• Data provided:
-.-.-
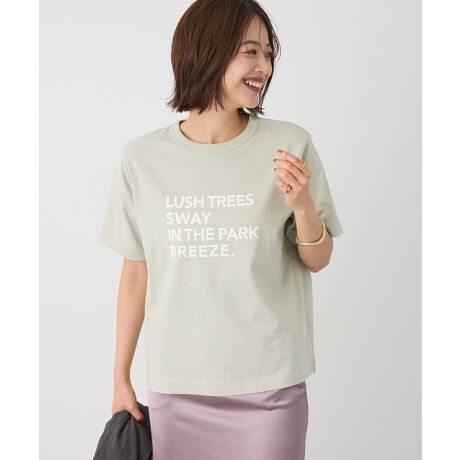 胸元には「VERDANT=緑豊かな」というメッセージをさりげなく添えたロゴデザインと、「LUSH TREES SWAY IN THE PARK BREEZE=公園の風に茂る木々が揺れる」のメッセージをあしらったタイプの2柄をご用意。
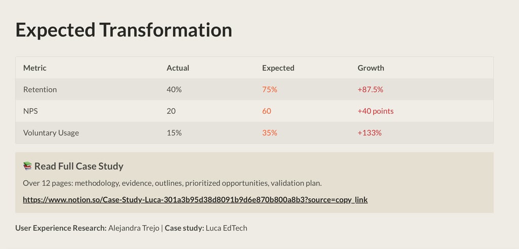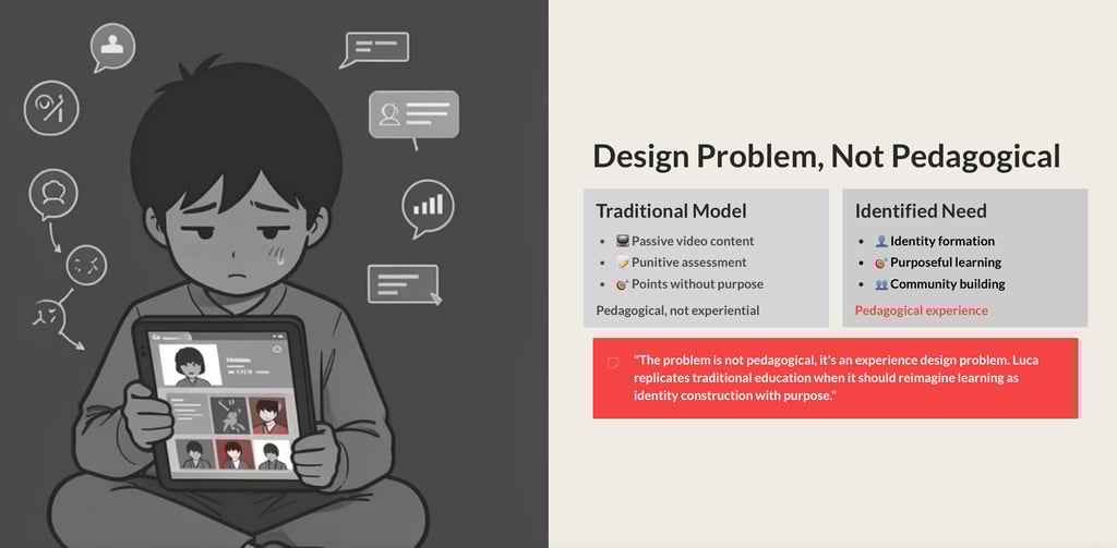 Drawing on frameworks such as Self-Determination Theory, Flow, and Hedonic Adaptation, the analysis shows that Luca falls short in providing identity, purpose, learner agency, and community—key elements for sustained engagement. The proposal outlines a product transformation—from “consumable lessons” to identity-driven missions, learning archetypes, formative feedback, and collaborative dynamics—supported by a clear validation plan to reduce risk before scaling, with the goal of improving retention, voluntary use, and perceived value for students, teachers, and families.
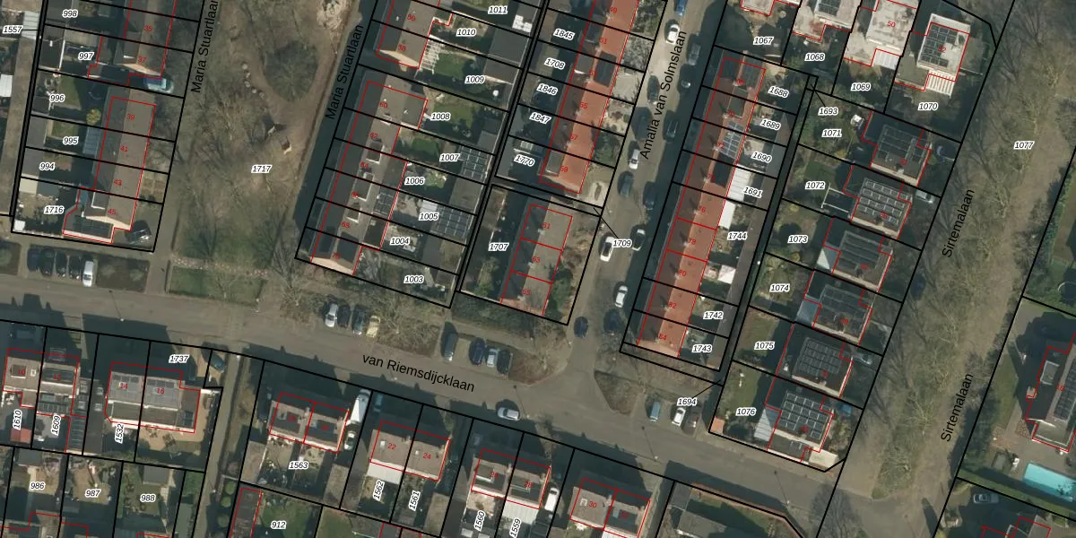 Het perceel waarop Amalia van Solmslaan 63 staat heeft een oppervlakte van 439 m². Dit is een groot perceel. De perceeloppervlakte wordt geregistreerd door het Kadaster. Gedetailleerde informatie over de maten van dit perceel kunt u vinden in het rapport Kadastrale kaart met maatvoering van Amalia van Solmslaan 63.
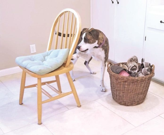 - Gradually hide the treat in harder places, having her “Scent!” before each set. “Harder” spots are on top of things, inside of other things (like a shoe, or on a shelf in a partially opened cupboard or closet), or inside open containers on raised surfaces.
-.-.-
• Aim of the task:
Print the full listing again exactly, and drop every image from it.

• Expected output:
 胸元には「VERDANT=緑豊かな」というメッセージをさりげなく添えたロゴデザインと、「LUSH TREES SWAY IN THE PARK BREEZE=公園の風に茂る木々が揺れる」のメッセージをあしらったタイプの2柄をご用意。
 Drawing on frameworks such as Self-Determination Theory, Flow, and Hedonic Adaptation, the analysis shows that Luca falls short in providing identity, purpose, learner agency, and community—key elements for sustained engagement. The proposal outlines a product transformation—from “consumable lessons” to identity-driven missions, learning archetypes, formative feedback, and collaborative dynamics—supported by a clear validation plan to reduce risk before scaling, with the goal of improving retention, voluntary use, and perceived value for students, teachers, and families.
 Het perceel waarop Amalia van Solmslaan 63 staat heeft een oppervlakte van 439 m². Dit is een groot perceel. De perceeloppervlakte wordt geregistreerd door het Kadaster. Gedetailleerde informatie over de maten van dit perceel kunt u vinden in het rapport Kadastrale kaart met maatvoering van Amalia van Solmslaan 63.
 - Gradually hide the treat in harder places, having her “Scent!” before each set. “Harder” spots are on top of things, inside of other things (like a shoe, or on a shelf in a partially opened cupboard or closet), or inside open containers on raised surfaces.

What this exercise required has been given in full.